### The task
Begin at the top of the records below and return each line exactly through the line with "Los paquetes distribuidos". Skip pictures.

### Data
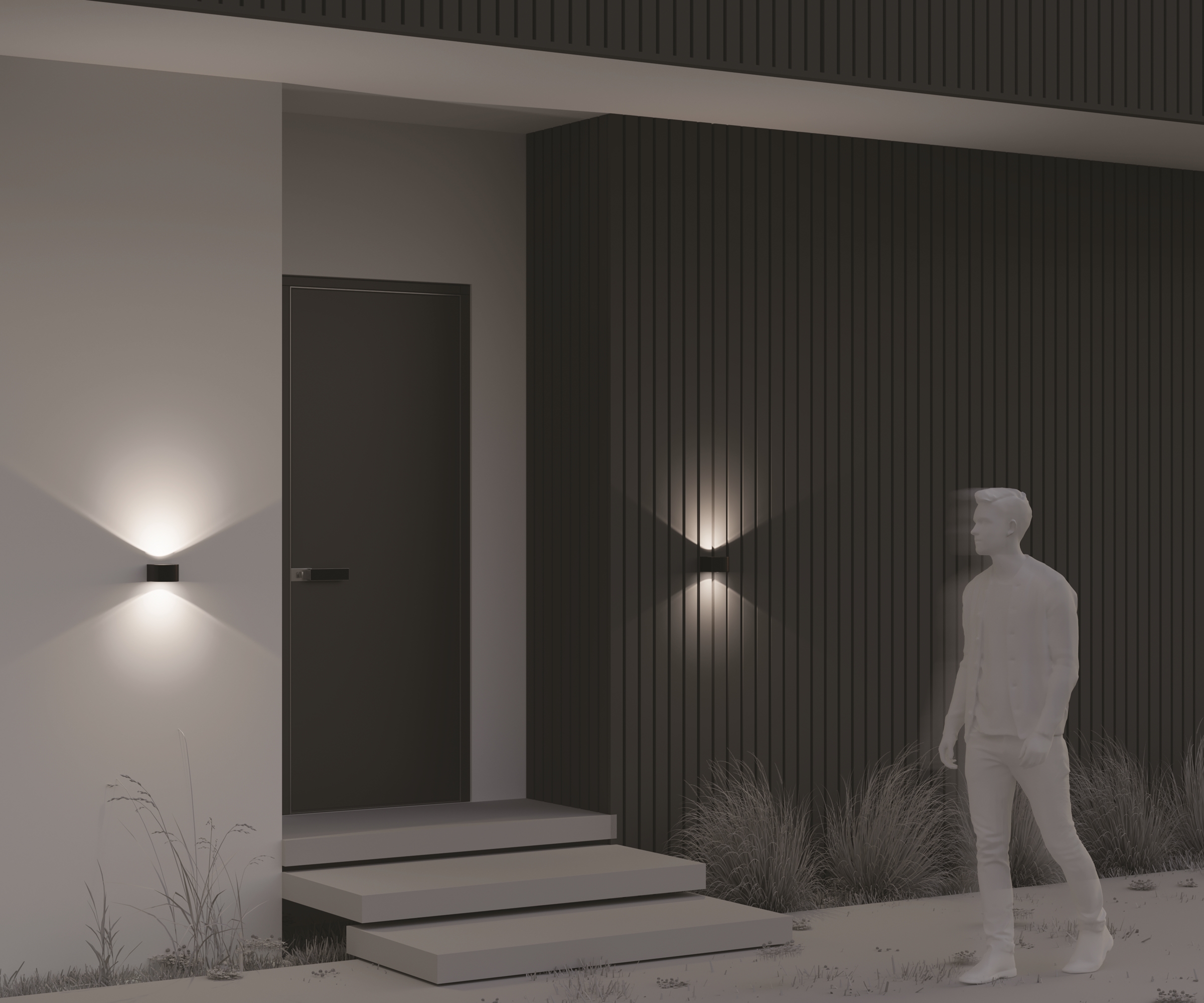 Алюминиевый корпус, цвет — графит. Минималистичный, компактный дизайн. Свечение в одну и в две стороны. LED-источник света. Цветовая температура 3000K. Степень защиты от пыли и влаги IP54.
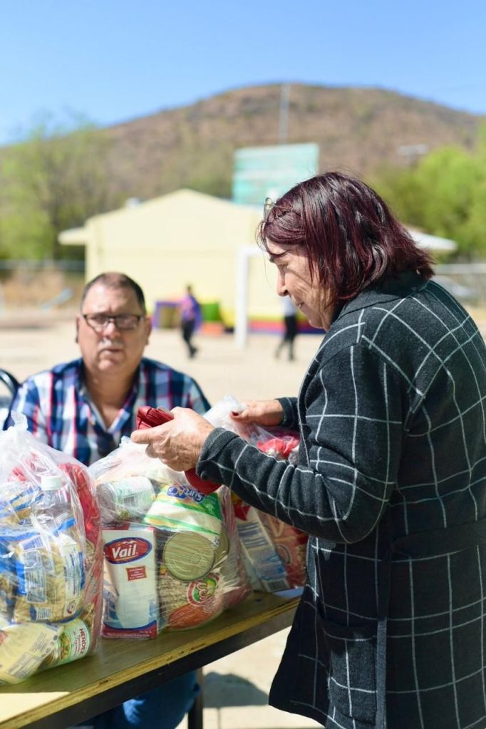 Los paquetes distribuidos incluyeron productos esenciales como frijol, arroz, azúcar, café, leche, aceite, harina, pastas y verduras enlatadas, con lo que se busca apoyar la economía de los hogares y asegurar el acceso a una alimentación digna.
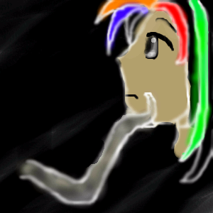 It's an interesting scene you're making here. I'm wondering if there's a reason for the multicolored hair or if it was something just done arbitrarily. I'd lean toward making it either mostly or entirely one color, or maybe one color that fades into another color personally.
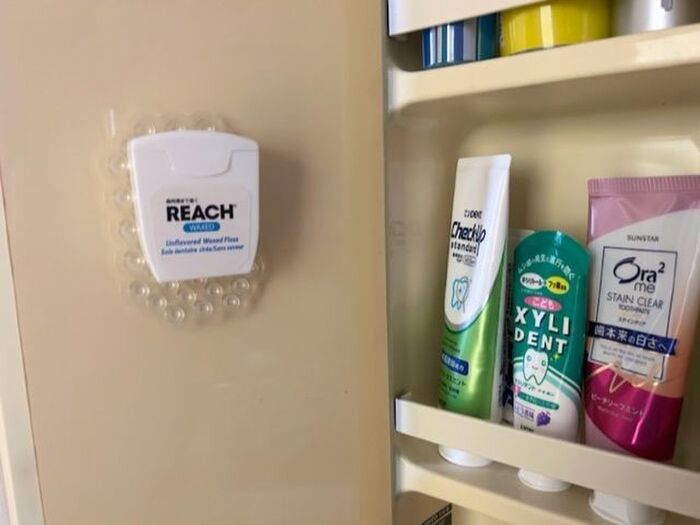 歯磨き粉を取り出すときにノンストレスになり、フロスも特に不便なく取り外し&戻しができるので、快適♪
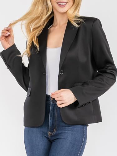 • Classic Design: The Women's Suit Jacket features refined tailoring, a classic solid color, single button closure and notched lapel collar. Two side functional flap pockets require removing the stitching before use.

### Result of this task
 Алюминиевый корпус, цвет — графит. Минималистичный, компактный дизайн. Свечение в одну и в две стороны. LED-источник света. Цветовая температура 3000K. Степень защиты от пыли и влаги IP54.
 Los paquetes distribuidos incluyeron productos esenciales como frijol, arroz, azúcar, café, leche, aceite, harina, pastas y verduras enlatadas, con lo que se busca apoyar la economía de los hogares y asegurar el acceso a una alimentación digna.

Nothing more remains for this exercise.